I fell in love at just seventeen, this was a huge blessing to me. My first taste of love. My first experience of shared happiness. It was beautiful, the memory will always be beautiful to me. I fell pregnant at twenty yrs of age. This was the biggest miracle to happen to me. It gave me the most profound sense of love and happiness. To succeed as a good parent I chose to do the opposite of everything I had learnt as a child.
Life though is full of surprises, it took me and my new family down a path I had no control of. It presented me with issues I didn't and couldn't remove myself from. I had another child but life spiralled for the next 10 years. I had a third child, (my biggest blessing are my children). My relationship broke down and I ended up a single-parent, literally...my partner left us for pastures new. Not his nor my own family supported us financially...no help with bills, food, or clothes, nothing. Instead they sat and watched us financially deteriorate (my brother helped were he could but he wasn't in a position to do much). Things got into such a mess. I was on a low-wage with three children and, I thought, no hope. My house was being repossessed. My teenager was struggling with increased anger over the absence of his father, my two other little ones were too. I was suffering from insomnia. Night after night I would lay awake sad and alone. Stressed and angry. Lack of sleep was destroying me. Everyday I sat on the precipice between being sane and insane. My mind was full and confused. My heart was in pieces. I felt crushed.
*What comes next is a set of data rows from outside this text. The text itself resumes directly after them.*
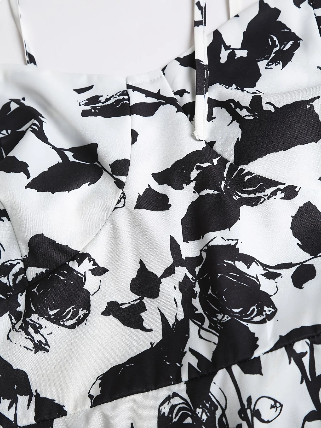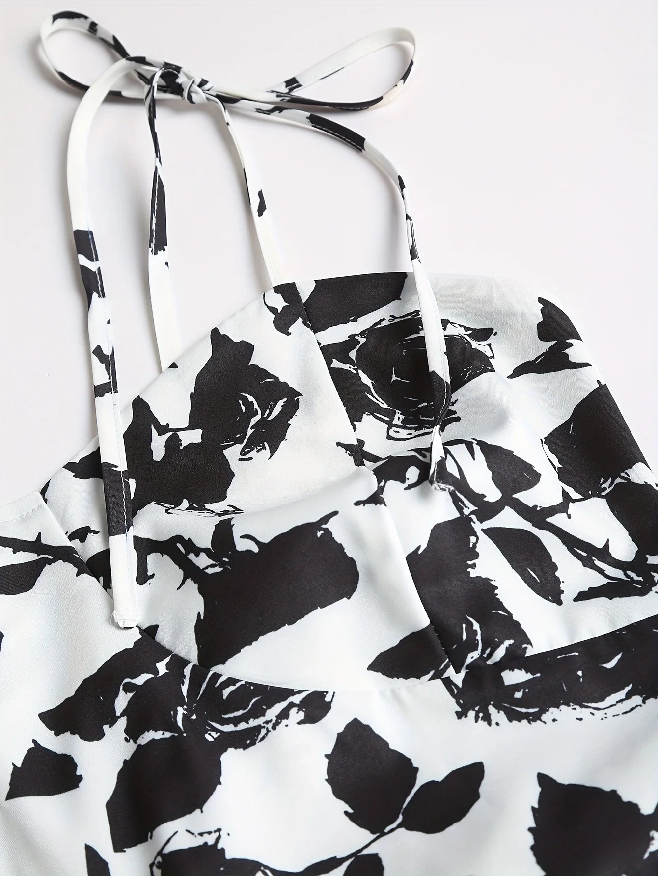 2024 European and American fashion plus size women's new flower print A-line skirt bow tie slit dress
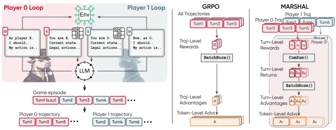 多轮交互的信用分配:现有的单轮 RLVR 方法难以精准地将最终结果回溯并分配给每一个具体的轮次或动作,进而影响了模型的有效学习。 多智能体的优势估计:不同智能体通常具有高度的异构性,其在优势估计(advantage estimation)中的优势基准(baseline)存在显著差异,导致多智能体联合训练难以收敛,策略表现波动剧烈。为了解决上述问题,为多智能体系统训练更强的推理模型,清华大学研究团队提出了 MARSHAL(Multi-Agent Reasoning through Self-play witH strAtegic LLMs)框架,通过策略游戏中的多智能体自博弈和端到端强化学习,激发大模型的在通用多智能体系统中的推理决策能力。
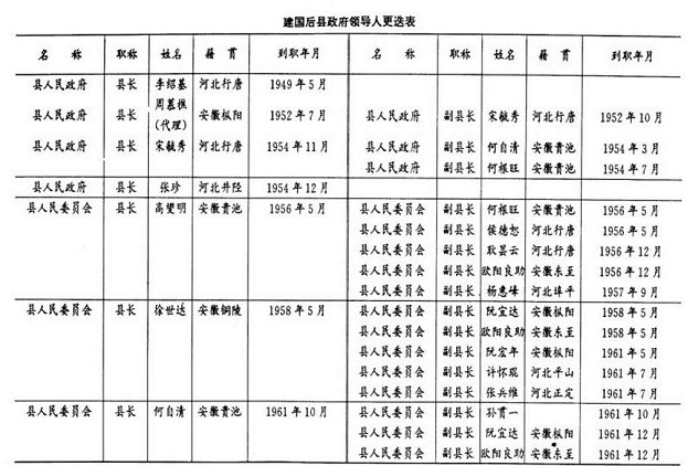 1949年5月1日,贵池县人民政府成立,县长由上级委派。1952年10月始设副县长。
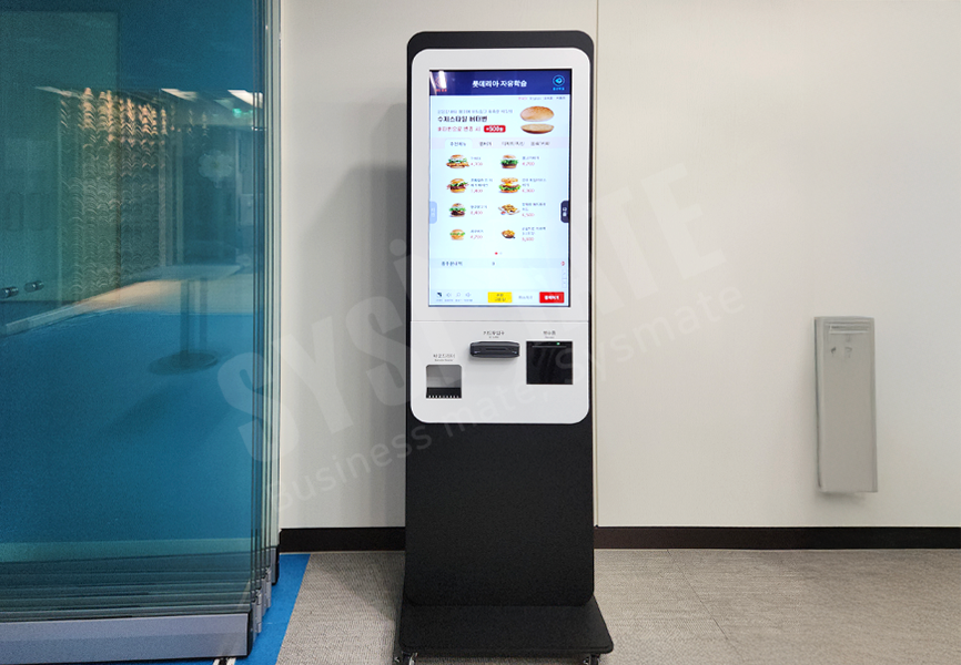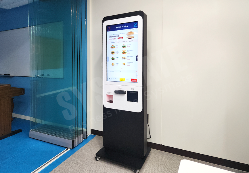 본 제품은 PC 내장형 터치 키오스크로, 실제 현장에서 운영되는 무인결제 키오스크와

So I had to fight the biggest fight of my life.
I needed to alleviate the stress from my mind. I looked and read and searched. Meditation kept coming up, I tried different centres and methods but couldn't get into it. Then I discovered and was taught Transcendental Meditation, a mantra meditation. Things changed. I addressed, took ownership and responsibility for my negative thinking. I learnt what mindfulness is, and I brought it into mine and my children's lives.
My children learnt to meditate. My teenage son found peace from his anger and was able to walk forward in his own life to become the man that he is today.
As for me, I found the peace I was looking for. But I got a lot more than that. All my childhood issues left me. My focus and concentration excelled. My stress walked out on me...and boy was I happy about that. :-)
I don't and won't paint some perfect picture of who I am thanks to mindfulness and meditation. I still shout at my children (they just can't find the washing basket, the sink...i could go on but you get me I'm sure). I still get crappy days, but I know that they pass so I eat chocolate till bedtime..haha!! These crappy days are few and far between. And they come because I am human. But what I don't live with is stress. Insomnia. Anger. Depression. Pain.
What I do live with is compassion. Peace. Love.
All brought on from meditation, and mindful living.
These tools (and that is what they are, tools. Things to help you get on with life.) are the best thing to ever happen to my family. And I knew I had to share that further than just my own family...so I founded "New Beginnings".